**Task:** Within the records below is a range that opens at the line with "10月31日,中国海军辽宁号" and closes at the line with "在2024年5月31日止的五". Return that range word for word, both ends included, and only that range.

**Dataset extract:**

**********

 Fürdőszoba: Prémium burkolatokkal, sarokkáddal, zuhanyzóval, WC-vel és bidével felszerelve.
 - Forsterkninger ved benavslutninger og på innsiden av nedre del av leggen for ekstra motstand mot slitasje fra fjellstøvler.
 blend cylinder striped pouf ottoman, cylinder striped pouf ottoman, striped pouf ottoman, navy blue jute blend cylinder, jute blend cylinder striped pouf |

**********

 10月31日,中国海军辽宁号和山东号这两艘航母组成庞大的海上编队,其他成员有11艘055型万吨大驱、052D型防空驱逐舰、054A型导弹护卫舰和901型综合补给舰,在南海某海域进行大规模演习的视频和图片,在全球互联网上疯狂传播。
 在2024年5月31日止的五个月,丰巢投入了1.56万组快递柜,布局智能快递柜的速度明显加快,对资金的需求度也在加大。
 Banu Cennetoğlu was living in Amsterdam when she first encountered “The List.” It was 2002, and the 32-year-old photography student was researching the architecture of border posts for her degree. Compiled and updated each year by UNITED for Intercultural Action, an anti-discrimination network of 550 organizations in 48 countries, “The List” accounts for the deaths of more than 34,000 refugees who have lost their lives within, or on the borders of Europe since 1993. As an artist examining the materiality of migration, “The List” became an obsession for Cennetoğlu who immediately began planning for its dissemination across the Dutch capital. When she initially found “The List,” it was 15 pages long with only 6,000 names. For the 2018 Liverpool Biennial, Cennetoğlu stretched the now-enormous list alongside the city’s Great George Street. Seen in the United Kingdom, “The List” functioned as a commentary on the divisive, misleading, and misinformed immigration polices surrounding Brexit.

**********

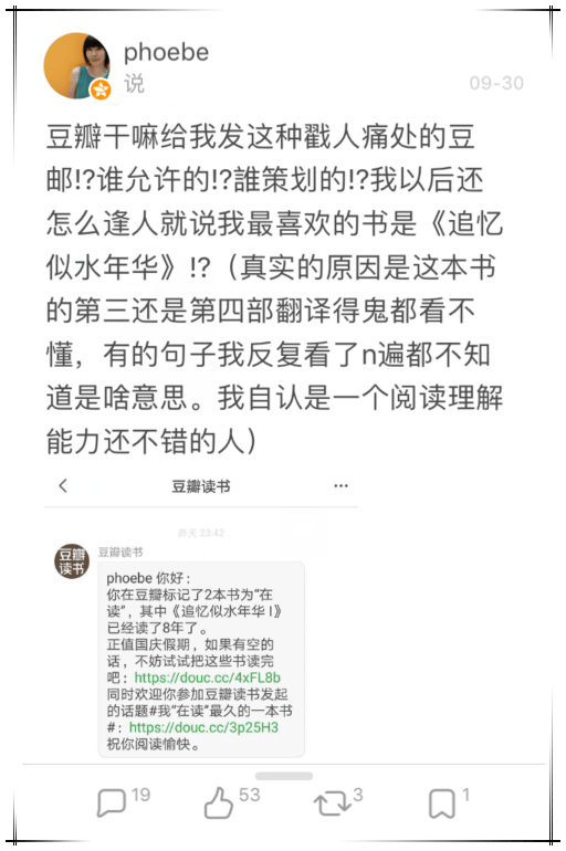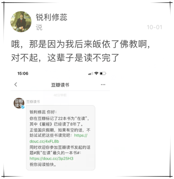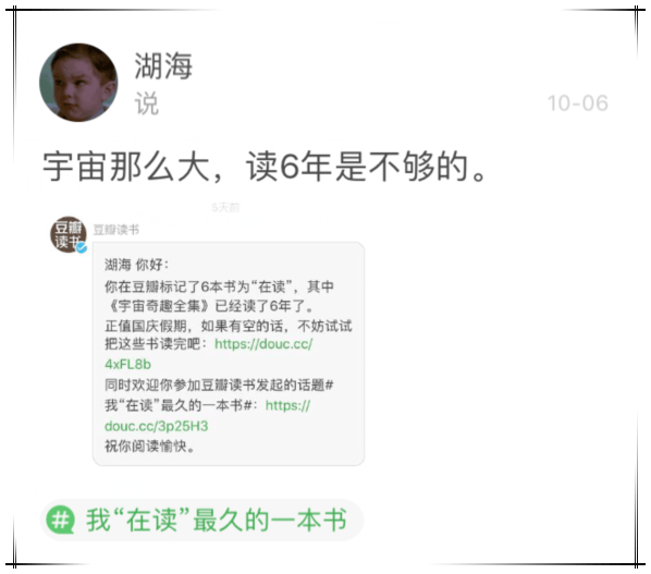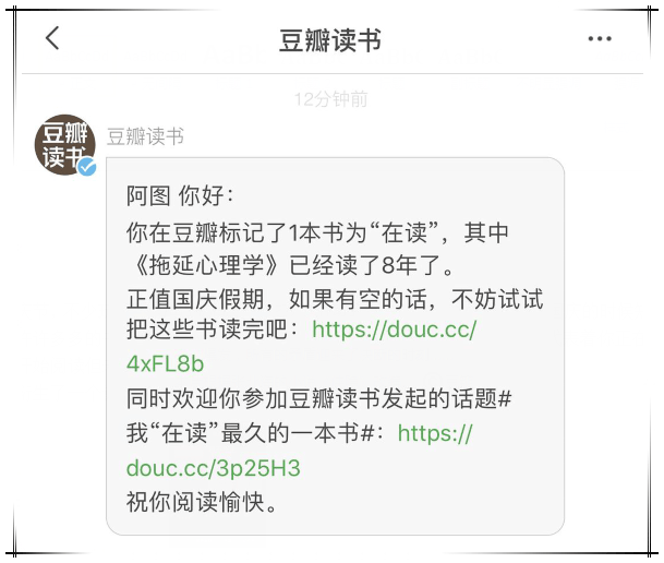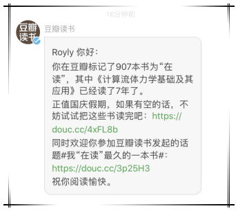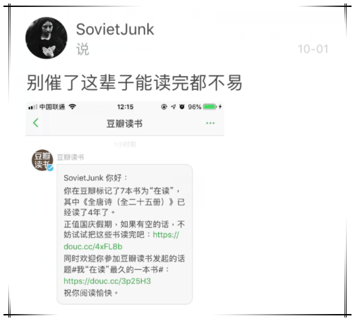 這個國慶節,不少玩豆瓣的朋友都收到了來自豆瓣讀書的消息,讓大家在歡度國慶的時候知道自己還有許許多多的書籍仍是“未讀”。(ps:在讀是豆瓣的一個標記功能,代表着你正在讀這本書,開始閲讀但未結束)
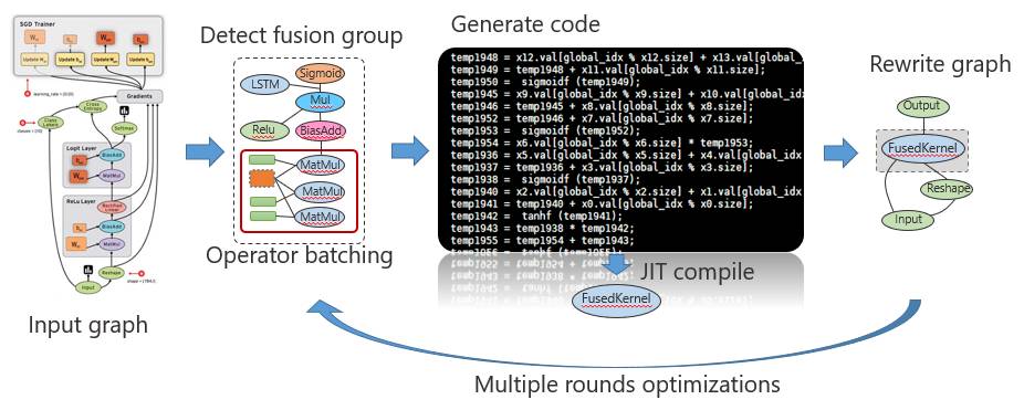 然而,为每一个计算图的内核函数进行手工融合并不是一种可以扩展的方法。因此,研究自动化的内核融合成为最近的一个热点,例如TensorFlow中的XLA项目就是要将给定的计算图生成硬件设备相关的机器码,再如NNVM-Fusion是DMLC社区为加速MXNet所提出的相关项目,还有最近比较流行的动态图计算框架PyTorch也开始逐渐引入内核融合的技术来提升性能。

**********

**Response area:**
 10月31日,中国海军辽宁号和山东号这两艘航母组成庞大的海上编队,其他成员有11艘055型万吨大驱、052D型防空驱逐舰、054A型导弹护卫舰和901型综合补给舰,在南海某海域进行大规模演习的视频和图片,在全球互联网上疯狂传播。
 在2024年5月31日止的五个月,丰巢投入了1.56万组快递柜,布局智能快递柜的速度明显加快,对资金的需求度也在加大。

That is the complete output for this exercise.